== Provided entries ==
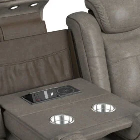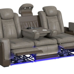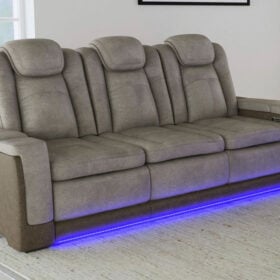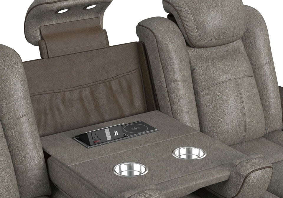 Luxurious, dual-toned faux leather upholstery. Power reclining functionality for smooth comfort. Ample foam-cushioned seating for superior support. Hidden armrest storage for easy organization. Integrated LED lighting for modern ambiance. Built-in power ports and wireless chargers. Sofa with Drop Down Table. Loveseat with Storage Console. Sleek, contemporary design with premium craftsmanship.
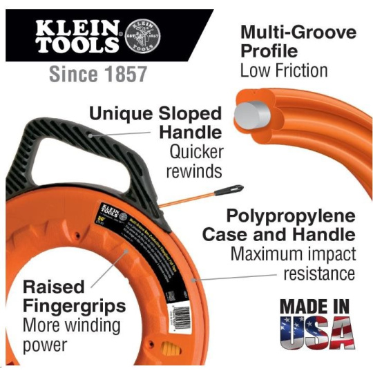 KLEIN TOOLS - protahovací pero zakončené ocelovou spirálou, sklolaminátové jádro, délka 30m, průměr 4.8mm
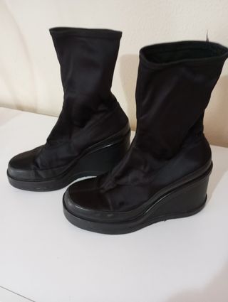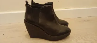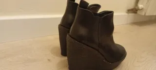 Botines cuña alta negros de Zara. Tacón bajo. En muy buen estado. Puestos tres veces. No sé andar con botines con este tipo de tacón.
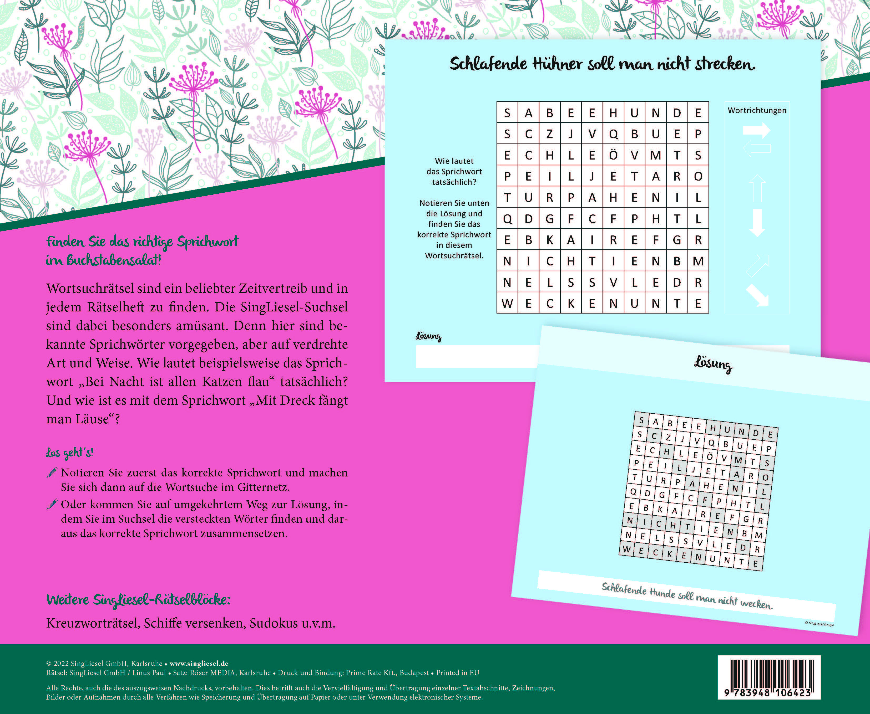 Wortsuchrätsel sind immer noch ein beliebter Zeitvertreib und aus keinem Rätselheft wegzudenken!Die SingLiesel-Suchsel sind dabei besonders. Denn hier alles dreht sich alles um die beliebtesten und vertrautesten Sprichwörter:Hier sind bekannte Sprichwörter vorgegeben - aber auf verdrehte Art und Weise. Wie lautet beispielsweise das Sprichwort "Ausnahmen brechen die Regel" tatsächlich? Notieren Sie zuerst das korrekte Sprichwort und machen Sie sich dann auf die Wortsuche im Gitternetz. Oder kommen Sie auf umgekehrtem Weg zur Lösung, indem Sie im Suchsel die versteckten Wörter finden und daraus das Sprichwort zusammensetzen.Auf unterhaltsameWeise werden Gedächtnis und Konzentration gefördert.
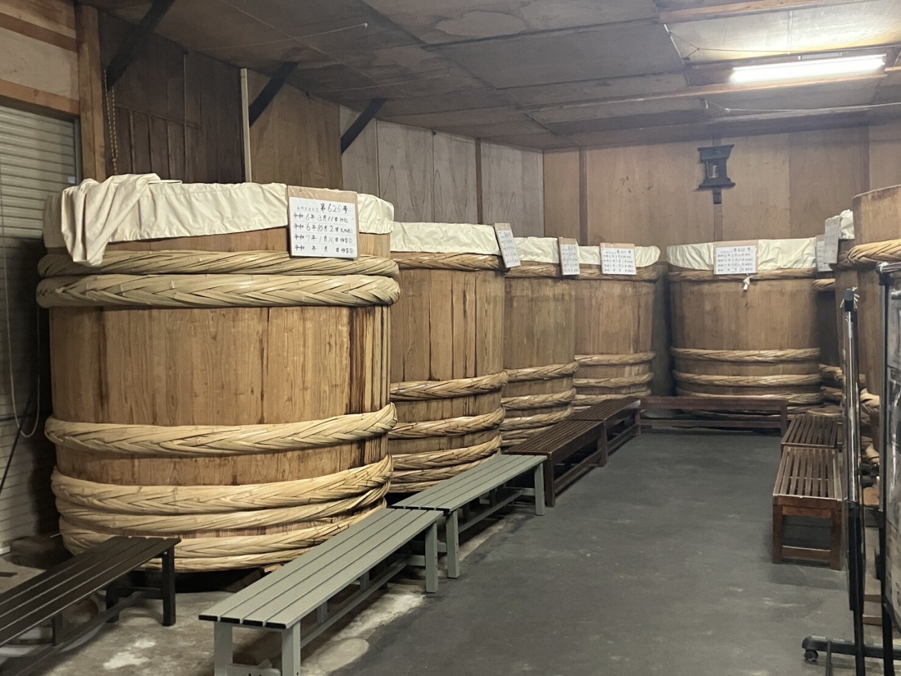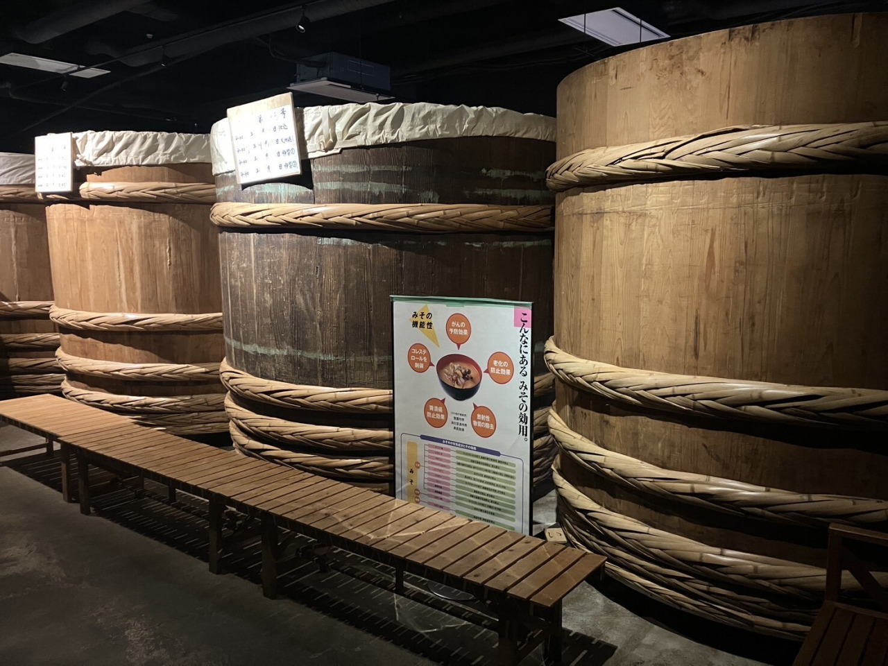 The moment you step into the warehouse, you're enveloped by the rich, fragrant aroma that gently wafts through the air. Founded in 1868, this is one of the few remaining natural fermentation miso breweries, cultivating "Three-Year Miso" in massive cedar barrels—a rarity today.The sight of barrels holding 4,500kg of miso is nothing short of spectacular. Guided
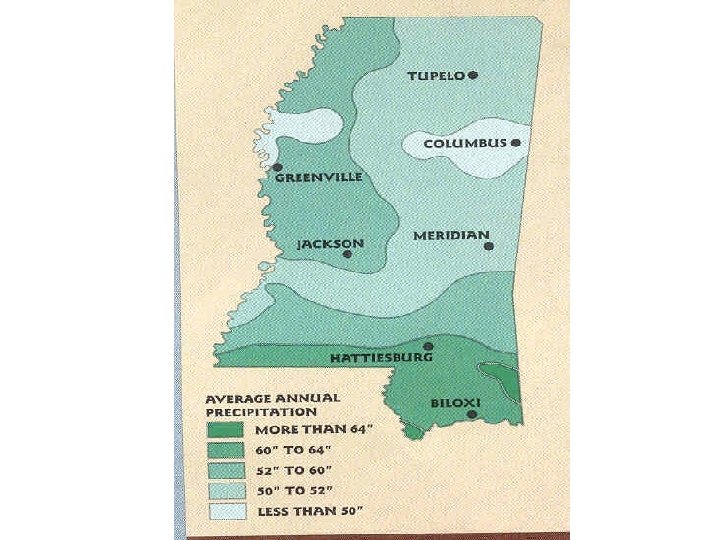 Mississippi Climate and Weather MS has a humid subtropical climate. Summers are hot and winters are cool. State is humid and has ample rainfall MS climate & rainfall helped create an agricultural state Avg. Temp. in MS is 62°F Highest Ever 115°F Lowest Ever - 19°F Avg. Precipitation is 52’’ per year 60’’ on the Gulf Coast
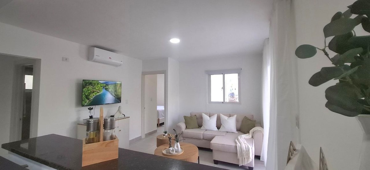 Apartamento de 2 habitaciones, 2 baños, y 1 parqueo asignando ideal para turistas que viajan en familia o personas que se desplazan por motivos de trabajo. ⚠️ Servicio de luz incluida. Otros cobran las luz extra. Residencial cerrado con seguridad perimetral, áreas verdes y áreas para juegos de niños. Ubicado a 7 minutos del aeropuerto internacional de Punta Cana, a 12 minutos de la playa y 5 minutos del centro comercial en vehículo. Ubicado en Residencial Ciudad Caracolí.🌴🌊
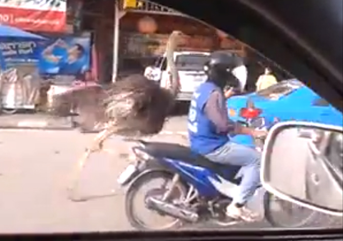Facebook user Sukchi Kas posted a short clip of the bizarre event he encountered on the Teparak road on Wednesday. It’s just that, an ostrich on the loose in Samut Prakan’s Bang Phli district.
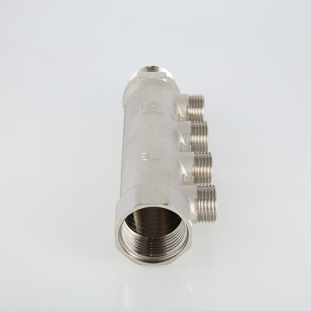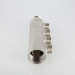 (VTc.500.N) Латунный никелированный коллектор на 2, 3 или 4 выхода диаметром 1/2" с наружной резьбой. Диаметр коллектора – 3/4 или 1", резьба – внутренняя/наружная. Рабочая температура теплоносителя – до 130 °С, давление – до 16 бар. Применяется для распределения потоков жидкостей в контурах теплого пола, радиаторного отопления, холодного и горячего водоснабжения.
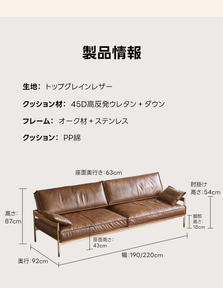 - 【高品質素材と耐久性】:トップグレインレザーを使用したレトロモダンフレームソファは、光沢感とソフトな肌触りが魅力。オーク材とステンレスのフレームは耐荷重性に優れ、長期間の使用にも耐えます。
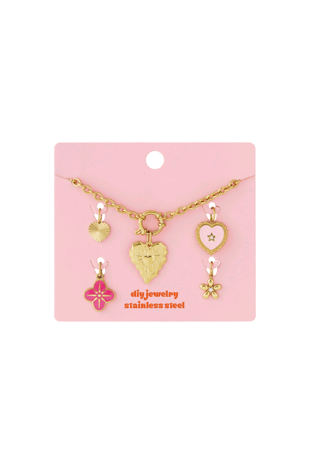 Vrolijke ketting met bedels! Het leuke aan deze ketting is dat je de bedels zelf kan hangen naar keuzen hoe jij ze leuk vind!
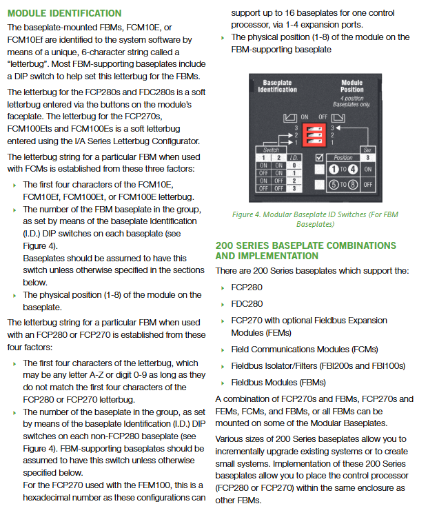 FCM/FBM universal substrate 2/4/8 horizontal/vertical -2 bits: single module/redundant pair FCM, or 2 FBMs (hard wired address 0, no ID dip code);
===
Each line from the one containing "Mississippi Climate and" through the last line of the listing must be copied exactly, and the pictures must not be.

 Mississippi Climate and Weather MS has a humid subtropical climate. Summers are hot and winters are cool. State is humid and has ample rainfall MS climate & rainfall helped create an agricultural state Avg. Temp. in MS is 62°F Highest Ever 115°F Lowest Ever - 19°F Avg. Precipitation is 52’’ per year 60’’ on the Gulf Coast
 Apartamento de 2 habitaciones, 2 baños, y 1 parqueo asignando ideal para turistas que viajan en familia o personas que se desplazan por motivos de trabajo. ⚠️ Servicio de luz incluida. Otros cobran las luz extra. Residencial cerrado con seguridad perimetral, áreas verdes y áreas para juegos de niños. Ubicado a 7 minutos del aeropuerto internacional de Punta Cana, a 12 minutos de la playa y 5 minutos del centro comercial en vehículo. Ubicado en Residencial Ciudad Caracolí.🌴🌊
Facebook user Sukchi Kas posted a short clip of the bizarre event he encountered on the Teparak road on Wednesday. It’s just that, an ostrich on the loose in Samut Prakan’s Bang Phli district.
 (VTc.500.N) Латунный никелированный коллектор на 2, 3 или 4 выхода диаметром 1/2" с наружной резьбой. Диаметр коллектора – 3/4 или 1", резьба – внутренняя/наружная. Рабочая температура теплоносителя – до 130 °С, давление – до 16 бар. Применяется для распределения потоков жидкостей в контурах теплого пола, радиаторного отопления, холодного и горячего водоснабжения.
 - 【高品質素材と耐久性】:トップグレインレザーを使用したレトロモダンフレームソファは、光沢感とソフトな肌触りが魅力。オーク材とステンレスのフレームは耐荷重性に優れ、長期間の使用にも耐えます。
 Vrolijke ketting met bedels! Het leuke aan deze ketting is dat je de bedels zelf kan hangen naar keuzen hoe jij ze leuk vind!
 FCM/FBM universal substrate 2/4/8 horizontal/vertical -2 bits: single module/redundant pair FCM, or 2 FBMs (hard wired address 0, no ID dip code);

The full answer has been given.